Labor Day Hot Air Balloon Festival features US Olympians soaring over Colorado Springs | Local News

Taking a lift in a hot air balloon on Labor Day was “much scarier” for blind judoka Liana Mutia than competing for Team USA at the Paralympic Games in Tokyo last month.

“I’m all about new experiences,” the 22-year-old Colorado Springs resident said before jumping in a balloon gondola, or basket, Monday at Memorial Park.

She put aside her fear of heights for a leisurely journey through the gaping city.

Like the Paralympic Games, Mutia’s race was “both overwhelming and exhilarating”, she said.

The sun rose in tandem with a record 78 balloons that participated in the 45th annual Labor Day liftoff.

After last year’s truncated event due to the COVID pandemic, the tradition’s return drew some 25,000 people each long weekend morning and around 50,000 by evening balloon glow, estimates organizers.

ALSO: Your chance to win by entering The Gazette’s Labor Day Lift Off Photo Contest

“I’ve never seen anything like it before,” marveled Laura Aguilar, who lives near Denver. She and her family woke up at 4 a.m. to arrive in the dark to, for the first time, see the action.

“Worth it,” she said, gazing up at the sky, where glowing shapes occasionally appeared parked in the still air.






Day 2 of Labor Day takeoff on Sunday, September 5, 2021. (Photo by Jerilee Bennett, The Gazette)

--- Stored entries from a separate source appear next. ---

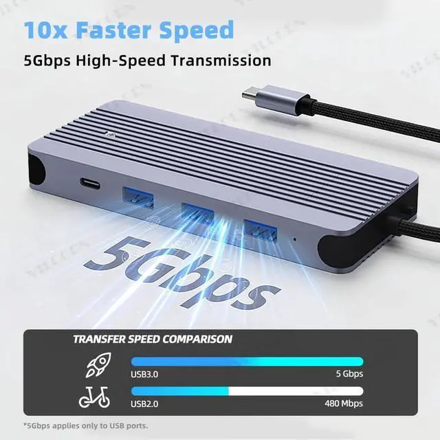 Blazing-Fast Data Transfer & 4K@60Hz Ultra-High DefinitionExperience lightning-fast data transfer speeds of up to 5Gbps with the USB 3.0 ports, ideal for transferring large files in seconds. No longer need to worry about the problem of insufficient USB ports, which can bring great convenience to your life and work. Enjoy crystal-clear visuals with 4K resolution at 60Hz refresh rate perfect for streaming, presentations, or immersive gaming experiences.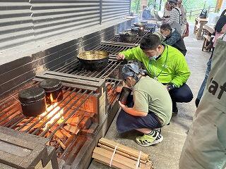 火の調節に苦戦しながらも、練習の成果を十分に発揮して、おいしいカレーを作ることができました。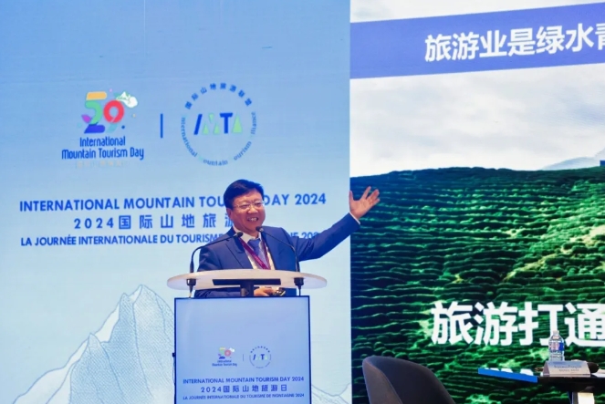 中国驻巴黎旅游办事处主任张郝淼主任表示,中国始终将推动旅游业可持续发展作为旅游业高质量发展的优先项和关键驱动力,相信中法两国能够携手合作,与各国共同探索和实施有效的解决方案,进一步推动全球山地旅游的可持续发展。山地旅游是旅游业的重要支柱,同时为许多山地社区带来繁荣和发展。作为第一个专注于山地旅游的国际组织,国际山地旅游联盟在贵州的成立,为中国在旅游领域开展国际合作与交流提供了重要平台,也推动了山地旅游的可持续发展,希望通过更多像“国际山地旅游日”这样的平台,促进山地旅游领域的国际交流与合作,分享保护山地资源、应对气候变化等方面的宝贵经验和解决方案,捍卫“旅游无国界”理念,推动山地旅游快速发展,为中法两国人民带来更大福祉。

Monday’s weather was perfect, said pilot Tom Steinbock of Crestwood, Ky. His company, Cartoon Hot Air Balloons, travels across the country to entertain crowds with giant balloons shaped like a yellow bird and a cat named Puddy. .

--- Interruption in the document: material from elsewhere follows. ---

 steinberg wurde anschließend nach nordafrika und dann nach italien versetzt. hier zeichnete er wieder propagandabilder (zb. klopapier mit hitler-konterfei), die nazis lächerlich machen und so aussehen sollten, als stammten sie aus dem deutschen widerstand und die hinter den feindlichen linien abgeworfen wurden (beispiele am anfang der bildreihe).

“It was one of the best events of the year,” he said. “The people, the crowds are great, the mountains in the background. … I think it’s even better than Albuquerque.

The New Mexico city hosts the largest hot air balloon event in the world, the Albuquerque International Balloon Fiesta, every October.

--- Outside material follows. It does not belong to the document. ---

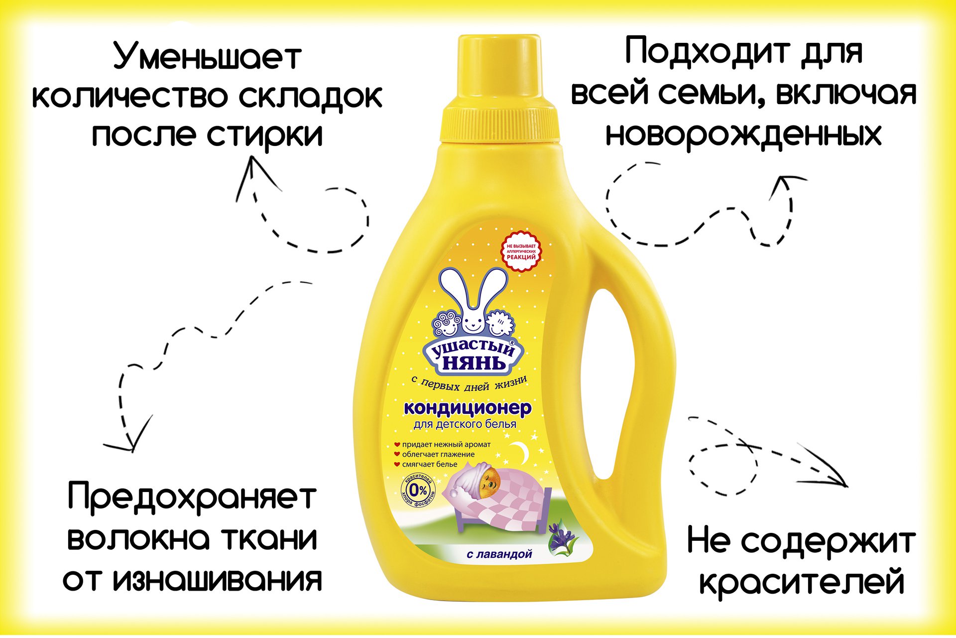 Кондиционер подходит для стирки детского белья, в том числе новорожденных. Придает детскому белью особенную мягкость, облегчает глажение, обладает антистатическим эффектом, придаёт белью приятный нежный аромат, уменьшает количество складок после стирки, предохраняет волокна ткани от изнашивания, улучшает гигроскопичность ткани (впитываемость влаги). Содержит экстракт лаванды, который известен своими успокаивающими и расслабляющими свойствами. Удобно дозируется с помощью колпачка-мерника. Благодаря двойным стенкам колпачка, после дозировки кондиционер стекает внутрь флакона, оставляя флакон чистым и сухим. Дерматологически протестирован. Не содержит красителей. Не вызывает аллергических реакций.

Colorado Springs weather cooperated on all three days this year, allowing balloons to lift off and dip their baskets into nearby Prospect Lake before racing away.

But on Monday, they rose majestically above the eastern plains just for fun.

Colorado Springs resident Alyce Stas cycled to the park. She first participated five years ago.

“It’s just as amazing today,” she said. “It’s exciting to see them inflate and take off. I also like to hear all the information about hot air balloons.

Things like how the hot air forced into the opening causes the balloon to rise, and when the air inside cools, they return to Earth. They are also federally registered aircraft and must adhere to strict safety rules in the air and on the ground.

Mutia was one of 10 Olympians who rode the balloon on Monday, which has been dubbed Military Appreciation Day and Olympians Welcome Day.

Colorado Springs Mayor John Suthers told the crowd that 295 U.S. Olympians and Paralympians who competed at the Tokyo Games have lived in Colorado Springs while training, and some are permanent residents.

“It’s a tradition that’s part of our city’s DNA,” he said of the hot air balloon festival.

Track cycling gold medalist Jennifer Valente signed autographs for a long line of fans. A student at the University of Colorado at Colorado Springs, Valente said she had attended the festival once before.

“It was awesome,” she said, adding that she appreciated the city “to do something special for the Olympians” at this year’s event.